By Patrick Phillips | September 9, 2020 at 1:15 PM EDT - Updated September 9 at 1:58 PM
CHARLESTON, S.C. (WCSC) - The City of Charleston is suing 24 fossil fuel companies for costs related to flooding, Mayor John Tecklenburg said at a Wednesday afternoon news conference at the Battery.
“We are filing lawsuit today against Big Oil,” Tecklenburg said. “And the reason is they have contributed through an intentional deception to change the story of the impact of the burning of fossil fuels on climate change on this planet. So, I feel it’s not fair to the citizens in Charleston, to have to bear the burden.”
The suit alleges six causes of action, including public and private nuisance, strict liability and negligent failure to warn, trespass, and violations of South Carolina’s Unfair Trade Practices Act.

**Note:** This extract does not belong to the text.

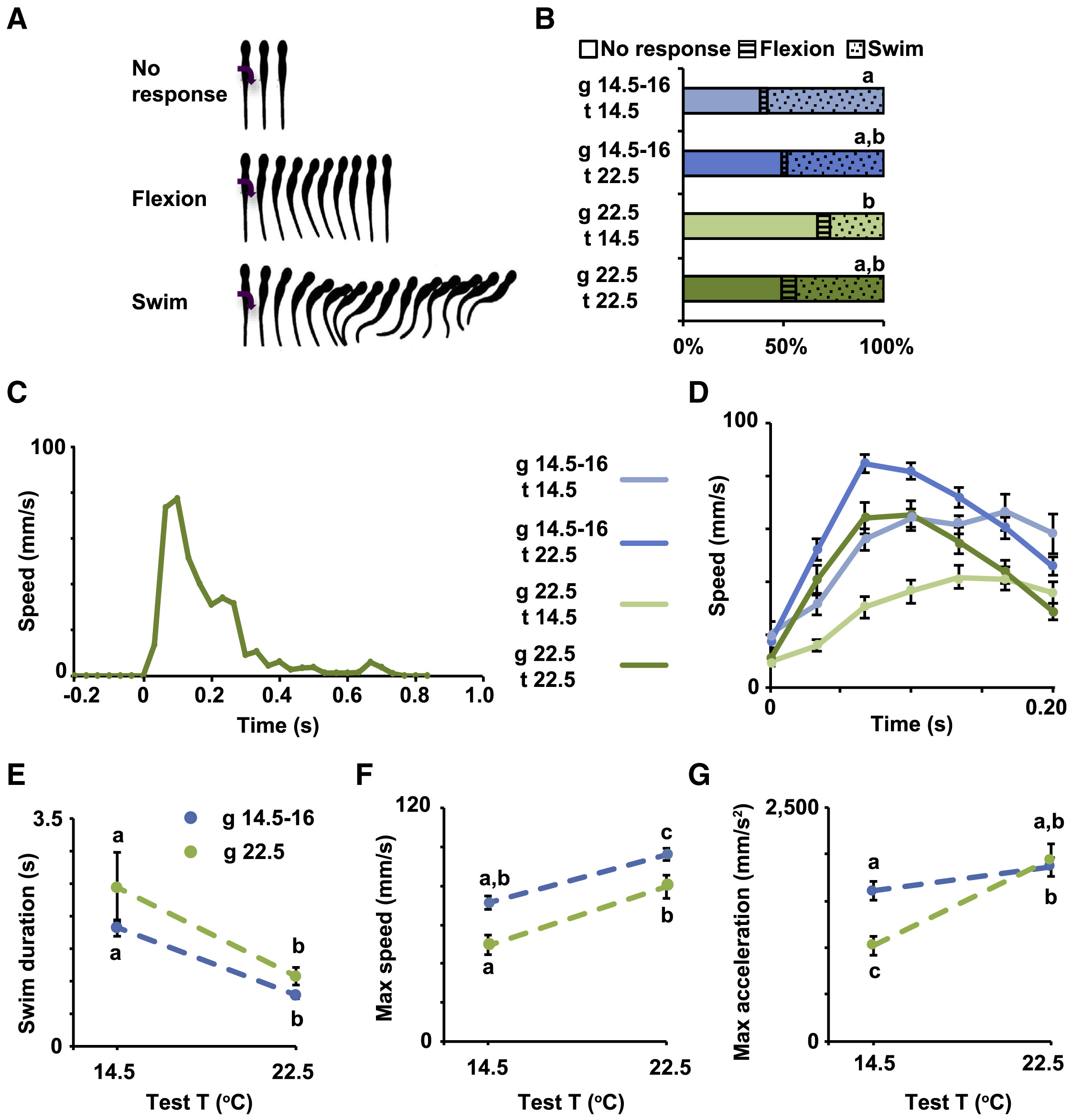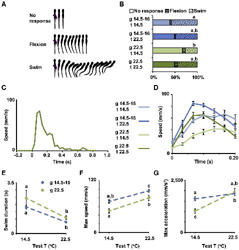 Figure 1. The Temperature of the Environment during Development Influences Early Swimming Behavior in Xenopus laevis Larvae (A) Types of behavioral responses to gentle touch; modified from [26, 27]. (BâG) Stage 37/38 (B) and 40 (C-G) larvae grown in cold (blue, 14.5°Câ16°C) or warm (green, 22.5°C) temperature were subjected to 20 trials each of gentle touch at cold (14.5°C) or warm (22.5°C) temperature. Responses were video recorded at 30 Hz, n = 6 larvae per condition. (B) Average percentage of incidence of each response. (C) Example of full time course of swim speed after gentle touch (0 s) from stage 40 larva grown in and tested at warm temperature. (D) Time course of changes in speed during initial phase (first 200 ms) of the swim response. (E) Swim duration. (F) Maximum speed during initial phase of the swim response. (G) Maximum tangential acceleration during initial phase of the swim response. In (D)â(G), data are mean ± SEM. In (B) and (E)â(G), the letters on top of datasets indicate significant (different letters) or not significant (same letters) differences, p < 0.05, 2-way ANOVA, Tukey post hoc test. |

The companies named in the lawsuit include Exxon Mobile Corporation, Royal Dutch Shell plc, Shell Oil Company, Chevron Corporation, BP America, Hess Corporation, ConocoPhillips, Murphy Oil and others.
“As this lawsuit shows, these companies have known for more than 50 years that their products were going to cause the worst flooding the world has seen since Noah built the Ark,” Tecklenburg said. “And instead of warning us, they covered up the truth and turned our flooding problems into their profits. That was wrong, and this lawsuit is all about holding them accountable for that multi-decade campaign of deception.”

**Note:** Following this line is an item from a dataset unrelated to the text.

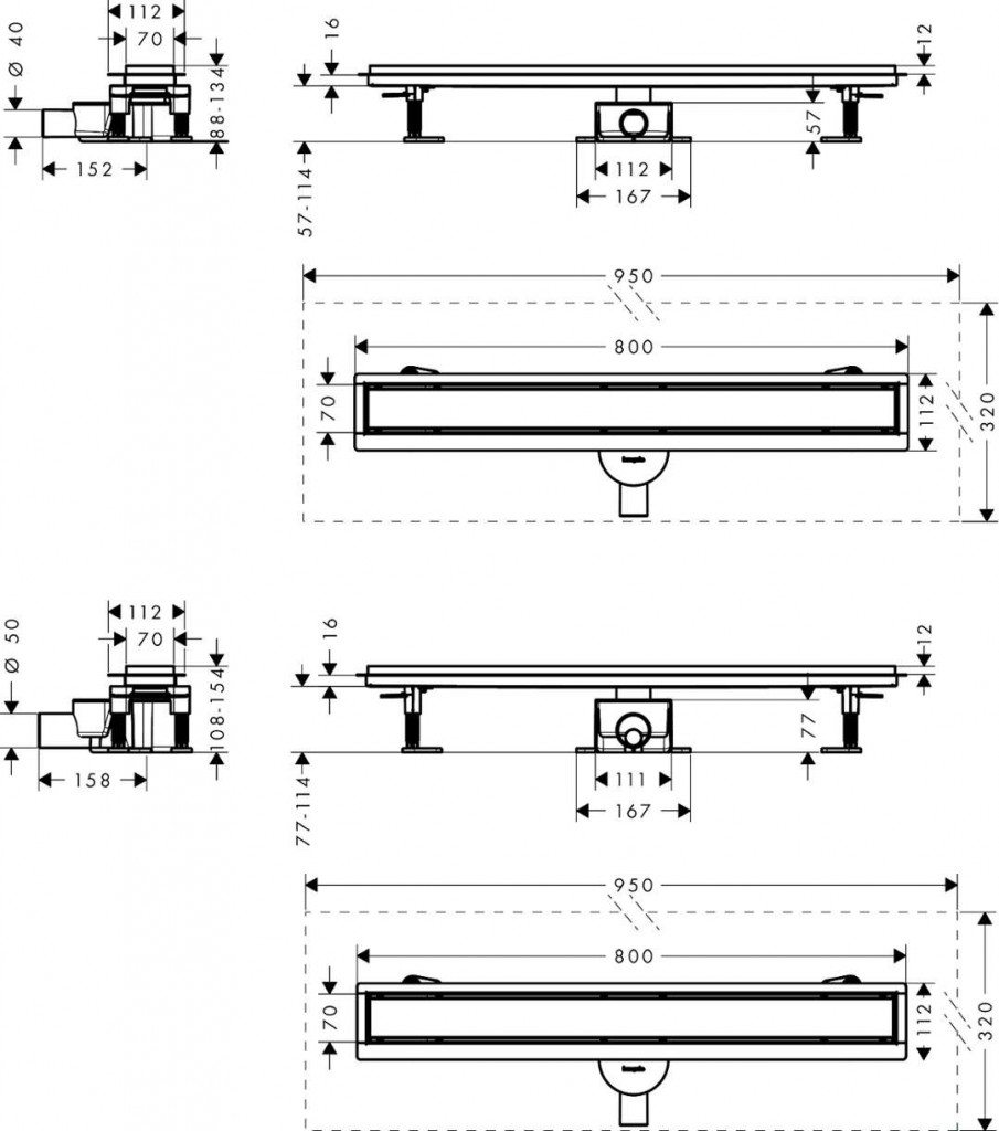 Úplná sada sprchového žľabu 800, pre štandardnú/plochú inštaláciu

The lawsuit details examples from defendants' decades-long campaign to deceive the public, press, and policy makers about the harm the defendants knew would occur from the use of their products. The complaint also details the resulting impacts that Charleston is currently enduring, including:
- The frequency of flooding events has increased substantially in Charleston, from around four days per year around 50 years ago to nearly 89 days per year as of 2019.
- The City has incurred significant costs on capital projects to address sea level rise, including, but not limited to, by rebuilding its aging Low Battery Seawall to account for sea level rise projections, installing check valves to prevent tidal intrusion on the City’s storm drain system, and redesigning and retrofitting its floodwater drainage system to keep up with increased flooding caused by sea level rise, including by constructing over 8,000 feet of new drainage tunnels.
- The City is expected to endure 30 additional days per year of temperatures higher than 95°F by 2070. Due to systemic inequities, people of color and those living in poverty tend to be particularly vulnerable to extreme heat events.
Charleston is the first city in the American South, and the 21st community nationwide, to hold fossil fuel companies accountable for climate change deception, impacts, and costs.